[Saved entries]
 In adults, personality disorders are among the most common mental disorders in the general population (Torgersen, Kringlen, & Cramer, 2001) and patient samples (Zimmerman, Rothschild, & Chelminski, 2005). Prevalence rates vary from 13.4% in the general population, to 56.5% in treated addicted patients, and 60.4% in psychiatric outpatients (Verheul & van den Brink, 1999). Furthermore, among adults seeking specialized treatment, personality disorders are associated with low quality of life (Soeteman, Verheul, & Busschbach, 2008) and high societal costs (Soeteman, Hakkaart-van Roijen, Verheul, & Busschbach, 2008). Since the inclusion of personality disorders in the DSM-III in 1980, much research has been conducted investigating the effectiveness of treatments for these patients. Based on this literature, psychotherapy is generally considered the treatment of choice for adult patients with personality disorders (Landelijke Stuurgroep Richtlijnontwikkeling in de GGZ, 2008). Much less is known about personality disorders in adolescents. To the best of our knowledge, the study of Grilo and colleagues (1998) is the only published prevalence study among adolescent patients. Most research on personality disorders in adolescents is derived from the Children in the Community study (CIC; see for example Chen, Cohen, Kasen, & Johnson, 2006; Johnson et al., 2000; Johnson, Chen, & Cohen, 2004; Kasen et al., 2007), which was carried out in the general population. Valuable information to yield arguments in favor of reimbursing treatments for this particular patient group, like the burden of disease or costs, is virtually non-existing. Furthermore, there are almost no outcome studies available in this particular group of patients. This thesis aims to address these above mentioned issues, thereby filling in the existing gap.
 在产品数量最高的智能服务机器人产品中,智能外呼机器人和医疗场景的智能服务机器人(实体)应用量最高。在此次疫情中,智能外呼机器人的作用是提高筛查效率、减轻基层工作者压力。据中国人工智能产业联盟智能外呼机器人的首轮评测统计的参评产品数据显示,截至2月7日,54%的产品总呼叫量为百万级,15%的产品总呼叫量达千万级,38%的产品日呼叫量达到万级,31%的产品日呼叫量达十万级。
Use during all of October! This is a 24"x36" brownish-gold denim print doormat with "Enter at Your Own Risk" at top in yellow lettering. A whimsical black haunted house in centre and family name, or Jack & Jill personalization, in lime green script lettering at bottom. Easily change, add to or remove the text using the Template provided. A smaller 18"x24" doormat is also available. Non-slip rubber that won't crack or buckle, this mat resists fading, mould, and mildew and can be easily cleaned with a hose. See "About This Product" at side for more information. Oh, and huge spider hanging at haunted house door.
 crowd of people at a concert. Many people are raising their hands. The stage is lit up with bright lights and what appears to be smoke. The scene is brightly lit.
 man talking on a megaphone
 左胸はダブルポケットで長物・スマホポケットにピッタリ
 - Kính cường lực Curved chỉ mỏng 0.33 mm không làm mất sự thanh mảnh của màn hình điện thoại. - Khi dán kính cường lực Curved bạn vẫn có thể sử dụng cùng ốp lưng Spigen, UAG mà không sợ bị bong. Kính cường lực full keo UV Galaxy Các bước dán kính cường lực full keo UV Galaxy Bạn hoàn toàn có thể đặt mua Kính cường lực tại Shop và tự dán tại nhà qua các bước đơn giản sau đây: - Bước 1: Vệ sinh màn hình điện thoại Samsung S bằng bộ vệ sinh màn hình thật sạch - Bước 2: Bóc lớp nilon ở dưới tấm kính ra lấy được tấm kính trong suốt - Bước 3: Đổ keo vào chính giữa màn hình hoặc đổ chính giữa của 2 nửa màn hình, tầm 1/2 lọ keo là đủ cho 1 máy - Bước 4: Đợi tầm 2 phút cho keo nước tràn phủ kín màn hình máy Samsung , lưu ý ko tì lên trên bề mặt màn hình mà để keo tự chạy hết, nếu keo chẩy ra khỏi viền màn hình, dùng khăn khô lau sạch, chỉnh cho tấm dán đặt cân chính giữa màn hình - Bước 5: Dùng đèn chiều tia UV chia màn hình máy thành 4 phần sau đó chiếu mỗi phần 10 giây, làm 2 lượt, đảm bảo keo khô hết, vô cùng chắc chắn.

## [What is needed]
Print nothing but the lines from the one that contains "crowd of people" to the final line of the data, both included, exactly as they read.

## [Answer box]
 crowd of people at a concert. Many people are raising their hands. The stage is lit up with bright lights and what appears to be smoke. The scene is brightly lit.
 man talking on a megaphone
 左胸はダブルポケットで長物・スマホポケットにピッタリ
 - Kính cường lực Curved chỉ mỏng 0.33 mm không làm mất sự thanh mảnh của màn hình điện thoại. - Khi dán kính cường lực Curved bạn vẫn có thể sử dụng cùng ốp lưng Spigen, UAG mà không sợ bị bong. Kính cường lực full keo UV Galaxy Các bước dán kính cường lực full keo UV Galaxy Bạn hoàn toàn có thể đặt mua Kính cường lực tại Shop và tự dán tại nhà qua các bước đơn giản sau đây: - Bước 1: Vệ sinh màn hình điện thoại Samsung S bằng bộ vệ sinh màn hình thật sạch - Bước 2: Bóc lớp nilon ở dưới tấm kính ra lấy được tấm kính trong suốt - Bước 3: Đổ keo vào chính giữa màn hình hoặc đổ chính giữa của 2 nửa màn hình, tầm 1/2 lọ keo là đủ cho 1 máy - Bước 4: Đợi tầm 2 phút cho keo nước tràn phủ kín màn hình máy Samsung , lưu ý ko tì lên trên bề mặt màn hình mà để keo tự chạy hết, nếu keo chẩy ra khỏi viền màn hình, dùng khăn khô lau sạch, chỉnh cho tấm dán đặt cân chính giữa màn hình - Bước 5: Dùng đèn chiều tia UV chia màn hình máy thành 4 phần sau đó chiếu mỗi phần 10 giây, làm 2 lượt, đảm bảo keo khô hết, vô cùng chắc chắn.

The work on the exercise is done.